INFORMATION SHOWN
#####

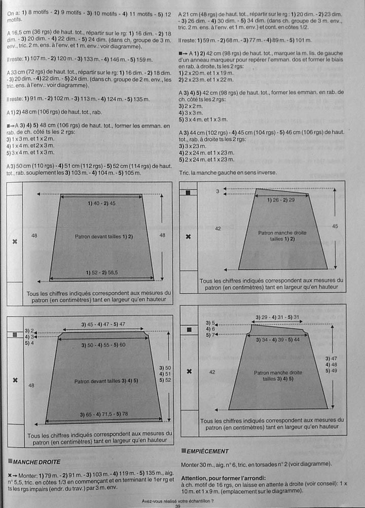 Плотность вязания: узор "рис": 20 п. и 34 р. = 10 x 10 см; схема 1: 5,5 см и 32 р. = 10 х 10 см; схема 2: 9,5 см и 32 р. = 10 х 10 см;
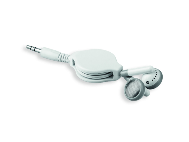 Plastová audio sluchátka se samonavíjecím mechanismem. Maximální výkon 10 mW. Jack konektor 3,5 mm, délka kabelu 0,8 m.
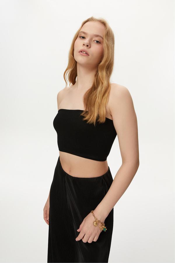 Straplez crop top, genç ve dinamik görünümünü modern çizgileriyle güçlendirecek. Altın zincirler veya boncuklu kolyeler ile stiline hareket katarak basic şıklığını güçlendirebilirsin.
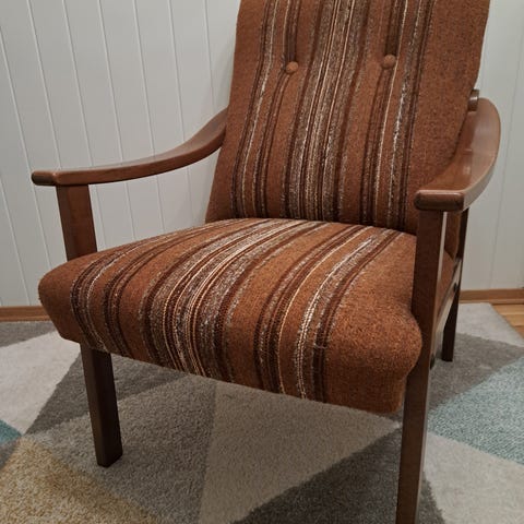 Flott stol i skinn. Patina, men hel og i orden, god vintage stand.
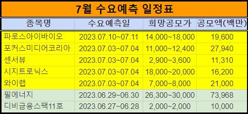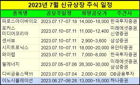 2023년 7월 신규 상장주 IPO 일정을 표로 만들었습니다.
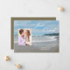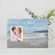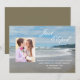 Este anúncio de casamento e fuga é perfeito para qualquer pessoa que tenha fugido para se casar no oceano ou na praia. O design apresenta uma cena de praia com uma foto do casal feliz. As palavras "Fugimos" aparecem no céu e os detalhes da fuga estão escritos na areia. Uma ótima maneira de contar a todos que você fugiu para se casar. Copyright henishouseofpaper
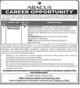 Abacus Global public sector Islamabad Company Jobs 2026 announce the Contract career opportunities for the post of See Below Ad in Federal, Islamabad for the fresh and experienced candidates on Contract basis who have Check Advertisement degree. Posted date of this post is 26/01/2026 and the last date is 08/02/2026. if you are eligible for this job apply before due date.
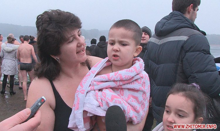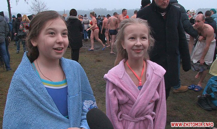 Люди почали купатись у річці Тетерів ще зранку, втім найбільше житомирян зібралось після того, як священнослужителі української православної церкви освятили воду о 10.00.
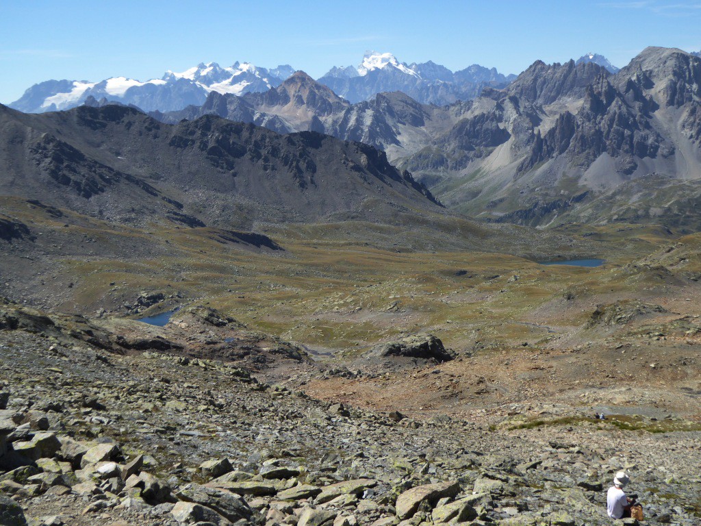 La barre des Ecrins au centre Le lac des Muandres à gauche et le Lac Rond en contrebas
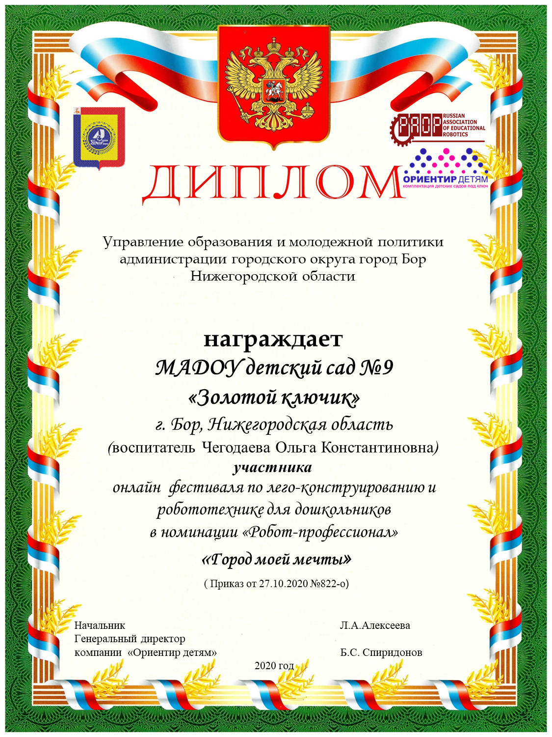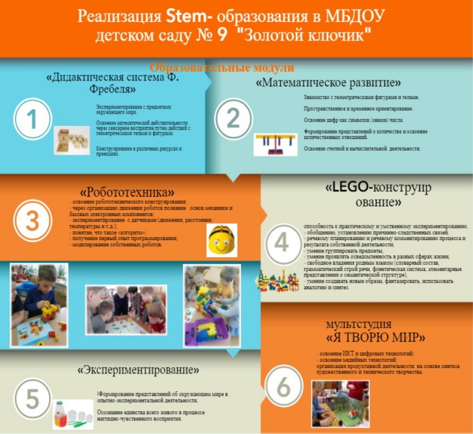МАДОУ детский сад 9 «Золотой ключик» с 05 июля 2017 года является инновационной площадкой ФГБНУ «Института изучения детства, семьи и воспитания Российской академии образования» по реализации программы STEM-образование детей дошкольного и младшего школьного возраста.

#####

WHAT YOU WILL DO
Leave the images behind and write out every entry exactly.

SOLUTION BELOW
 Плотность вязания: узор "рис": 20 п. и 34 р. = 10 x 10 см; схема 1: 5,5 см и 32 р. = 10 х 10 см; схема 2: 9,5 см и 32 р. = 10 х 10 см;
 Plastová audio sluchátka se samonavíjecím mechanismem. Maximální výkon 10 mW. Jack konektor 3,5 mm, délka kabelu 0,8 m.
 Straplez crop top, genç ve dinamik görünümünü modern çizgileriyle güçlendirecek. Altın zincirler veya boncuklu kolyeler ile stiline hareket katarak basic şıklığını güçlendirebilirsin.
 Flott stol i skinn. Patina, men hel og i orden, god vintage stand.
 2023년 7월 신규 상장주 IPO 일정을 표로 만들었습니다.
 Este anúncio de casamento e fuga é perfeito para qualquer pessoa que tenha fugido para se casar no oceano ou na praia. O design apresenta uma cena de praia com uma foto do casal feliz. As palavras "Fugimos" aparecem no céu e os detalhes da fuga estão escritos na areia. Uma ótima maneira de contar a todos que você fugiu para se casar. Copyright henishouseofpaper
 Abacus Global public sector Islamabad Company Jobs 2026 announce the Contract career opportunities for the post of See Below Ad in Federal, Islamabad for the fresh and experienced candidates on Contract basis who have Check Advertisement degree. Posted date of this post is 26/01/2026 and the last date is 08/02/2026. if you are eligible for this job apply before due date.
 Люди почали купатись у річці Тетерів ще зранку, втім найбільше житомирян зібралось після того, як священнослужителі української православної церкви освятили воду о 10.00.
 La barre des Ecrins au centre Le lac des Muandres à gauche et le Lac Rond en contrebas
МАДОУ детский сад 9 «Золотой ключик» с 05 июля 2017 года является инновационной площадкой ФГБНУ «Института изучения детства, семьи и воспитания Российской академии образования» по реализации программы STEM-образование детей дошкольного и младшего школьного возраста.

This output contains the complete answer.